“To maximize returns, buy stocks when everyone hates them and sell them when everyone loves them. This is easy in theory, but brutally difficult in practice.” ~ Brian Feroldi
Brian Feroldi is a financial educator and he has been saving and investing for 18+ years. From his experiences, below he shares 10 painful lessons he had to learn and sometimes relearn the hard way:
1. You don’t need leverage.
Margin and options are fun on the way up and BRUTAL on the way down. Many investors have lost more than 100% on investment before. Why? Leverage.
Buffett said it best:
2. Optimize for longevity, not upside
Compound interest is the most powerful wealth-building force that exists. But, it only works if you SURVIVE long enough for it to work.
You must avoid investing to optimize for upside potential. Instead, you should follow the barbell method to optimize for longevity.
3. High conviction DOES NOT = correct
If you convinced yourself that a certain stock could only go up. you might be right on some. On others, you may lost significant value.

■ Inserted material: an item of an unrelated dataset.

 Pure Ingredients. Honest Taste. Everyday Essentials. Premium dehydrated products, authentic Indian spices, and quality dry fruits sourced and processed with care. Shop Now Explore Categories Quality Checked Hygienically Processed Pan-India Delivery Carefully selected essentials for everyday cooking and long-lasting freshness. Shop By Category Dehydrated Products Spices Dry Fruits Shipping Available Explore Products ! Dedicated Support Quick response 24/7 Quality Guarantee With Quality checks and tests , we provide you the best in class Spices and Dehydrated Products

Conviction is useful, but just because you think you are right doesn’t mean that you are right.
Allocate accordingly
4. Stock prices and business results (and intrinsic value) are 0% correlated in the short-term and 100% correlated in the long-term
Do not sell future mega-winners because their stocks were down (dumb).

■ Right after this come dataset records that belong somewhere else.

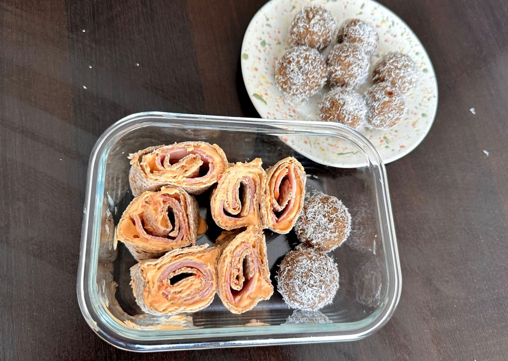 В случая там се намират пълнозърнести тортили, а от хладилника изскачат топено сирене и шунка, след което за минути имам симпатични рулца за обяд. И даже остава време за нещо сладко.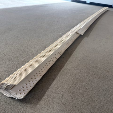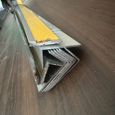 Skjøte lister for gulv , 5 stk i brun farge. Lengste 2m, 3 trappenese på1. Kan brukes i konstruksjon, reparasjon eller som støtteprofiler.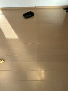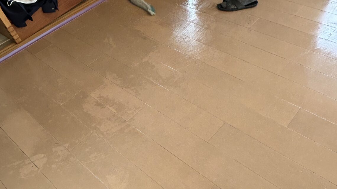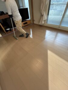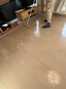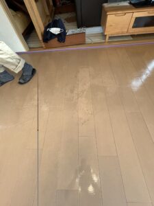 写真の左側がワックス剥離後 ワックス剥離剤を塗布してます

Instead of watching the stock, instead focus on the fundamentals of the business.
5. Not having a system
Do not try to keep everything in my head, which was dumb (and impossible).
Instead, use checklists, journals, or watchlist, which are invaluable free tools.

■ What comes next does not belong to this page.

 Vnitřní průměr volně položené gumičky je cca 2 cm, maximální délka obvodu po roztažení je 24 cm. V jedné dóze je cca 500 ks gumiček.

6. Not understanding the P/E ratio
Do not pass on high P/E ratio stocks that went up big and buy low P/E ratio stocks that went down big.
Why? It’s about understanding the P/E ratio’s flaws.
Now, P/E only works in stage 4. It doesn’t work in stages 1, 2, 3 or 5
7. Panic selling and panic buying
Emotions have caused many investors to panic buy hype stocks and panic sell future mega-winners.
It’s easy to say you’ll be greedy when others are fearful, and visa-versa.
It’s hard to actually do it.
8. Study history
Human nature is remarkably consistent. The same forces that drove markets 100+ years still exist in all of us today.
There’s always a smart-sounded reason to sell and it’s important to understand that.
9. Don’t focused on what you can’t control
Do not follow the news closely, or watch for clues to predict the market.
This will be time poorly spent. Macro factors matter, but you have no control over them.
It essential you focus far more on what you can control.
10. Not changing your mind
This one is REALLY hard, but it’s necessary to do well.
Changing your mind is hard. Admitting you’re wrong is hard.
But, @JeffBezos said it best:
Learning invaluable investing lessons, especially from the mistakes of others, is an essential part of becoming a more successful long-term investor.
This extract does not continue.